The parliamentary office of Frank Field has announced that the former Work and Pensions Committee (WPC) chair and Labour MP has died aged 81.
Lord Field was the MP for Birkenhead for 40 years and was a champion of welfare reform during his time in parliament.
He was WPC chair between 2015 and 2019, working on several policy areas including defined benefit pension regulations and The Pensions Regulator’s activities and powers, as well as inquiries into crises such as Carillion and Arcadia.
Lord Field’s family issued a statement through his parliamentary office saying that he had remained “resilient and engaged with life” through a long battle with cancer.
“Frank was an extraordinary individual who spent his life fighting poverty, injustice and environmental destruction,” the statement read.

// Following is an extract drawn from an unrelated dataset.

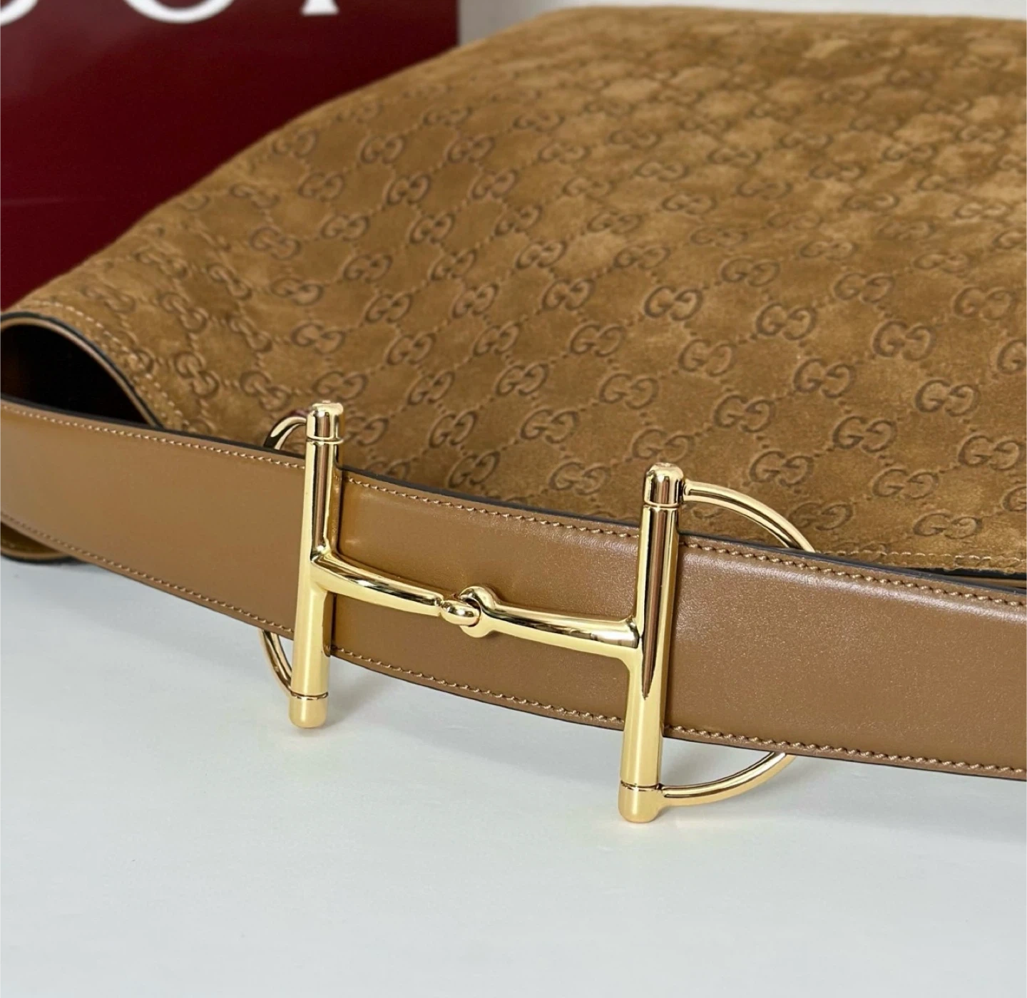 Gucci hobo bag crafted from suede with all-over GG monogram embossing. It features a leather strap with a signature horsebit detail and a magnetic snap closure. Interior lining is a contrasting leather.

“His decency and faith in people’s self-interested altruism made a unique contribution to British politics. After 40 years of dedicated public service, Frank will be mourned by admirers across the political divide.”
Lord Field was a Labour MP until he stood as a candidate for the newly formed Birkenhead Social Justice Party in the December 2019 election, after resigning the Labour Party whip in August 2018.
During his time as a Labour MP, he served as Minister for Welfare Reform in Tony Blair’s first term as Prime Minister.
Lord Field was awarded a life peerage in 2020 and sat in the House of Lords as a crossbencher.
In 2022, Lord Field was appointed to the Companion of Honour in the New Years Honours List in recognition of his public and political service.
Former Prime Minister, Tony Blair, paid tribute to Lord Field, saying he had “integrity, intelligence and deep commitment to the causes he believed in”.
“He was an independent thinker never constrained by conventional wisdom, but always pushing at the frontier of new ideas,” Blair said.
"Even when we disagreed, I had the utmost respect for him as a colleague and a character.
"Whether in his work on child poverty or in his time devoted to the reform of our welfare system, he stood up and stood out for the passion and insight he brought to any subject.”
LCP partner and former Pensions Minister, Steve Webb, also paid tribute, saying "“the world of parliament, pensions and public life is lessened today by the loss of Frank Field".
"I first met Frank more than 30 years ago when I was a young economist and his support and engagement first got me involved in the world of Westminster," he continued.
"Although Frank was passionate about all the causes he believed in, he was not a ‘tribal’ politician and was willing to work with people of all parties in support of causes that he believed in.
Frank set the gold standard for how to run an all-party Select Committee. As chair of the Work and Pensions Committee he used his position to hold the powerful to account and was particularly effective in support of members of the BHS pension scheme.
“Frank had that rare combination of compassion, anger about injustice and deep policy expertise which made him such an effective campaigner. His campaigning spanned early work with the Child Poverty Action Group to working for pensions justice on a range of issues in parliament. He was valued around the House of Commons and his contributions were always listened to with respect. He will be much missed."